0. shodan_paginate.py × 6 dorks                          →  537 ip:port unique
1. fast_enum_whisper.py (threads=80, timeout=6s, ~32s)   →  230 confirmed (139 webservice + 40 cpp + 25 faster + 4 X + 22 unid)
2. /docs + /openapi.json + /asr + /v1/audio HEAD probes  →  145 hosts with unauth-POST audio endpoint reachable
3. cross-survey diff vs Ollama/llama.cpp/Docker/voice    →  13 Whisper+Ollama; 2 Whisper+llama.cpp
4. visorlog ingest                                       →  28 net-new events (heavy dedup with prior surveys' IPs)

Honest negative space

Model-hint extraction returned mostly empty: openai-whisper-asr-webservice doesn’t expose its loaded model (ASR_MODEL env var) in the /openapi.json description. The operator-workload-corpus axis from Insight #24 doesn’t have a direct analogue here; the loaded model is an internal-only config.

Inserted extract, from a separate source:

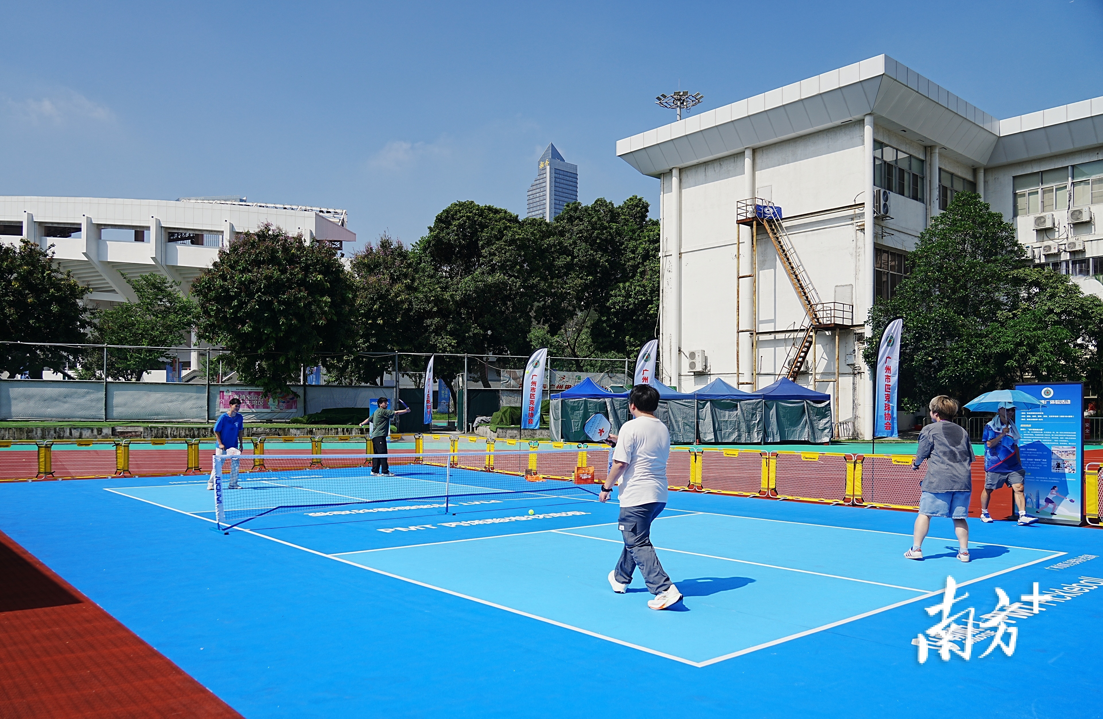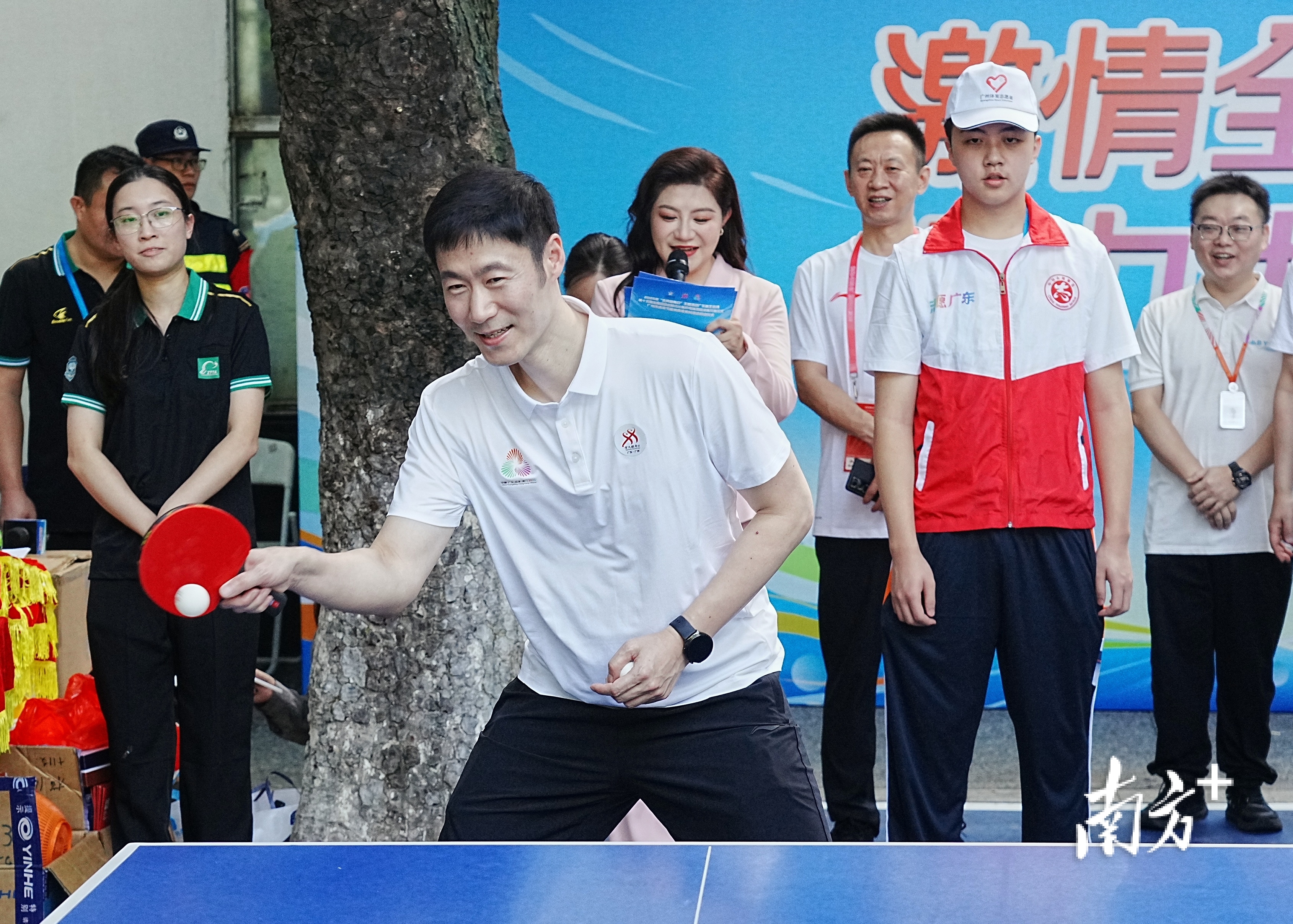 活动当天,恰逢第十五届全国运动会群众比赛乒乓球项目决赛在天河体育中心开打,开球仪式别出心裁地设在天河体育中心百姓乒乓球乐园举行,全国32支参赛队伍代表整装待发,乒乓球奥运冠军乔红、李晓霞、刘诗雯与嘉宾一同挥拍开球,宣布十五运会广州赛区首场群众比赛正式拉开帷幕。

No PHI / hospital / clinical hostnames surfaced in the immediate analysis pass (because the hostname-enrichment query had a path error during analysis; full hostname-vs-sensitive-token grep is flagged for follow-up). The healthcare-tier risk class is real for Whisper (hospital transcription deployments) but didn’t surface a specific gov/edu/clinical host this run.
537 candidate corpus may undercount the true Whisper population. http.html:"whisper" returned 2,300 candidates that this survey didn’t probe (Shodan-broader pool). A second-pass on the 2,300 with the full prober is flagged for follow-up.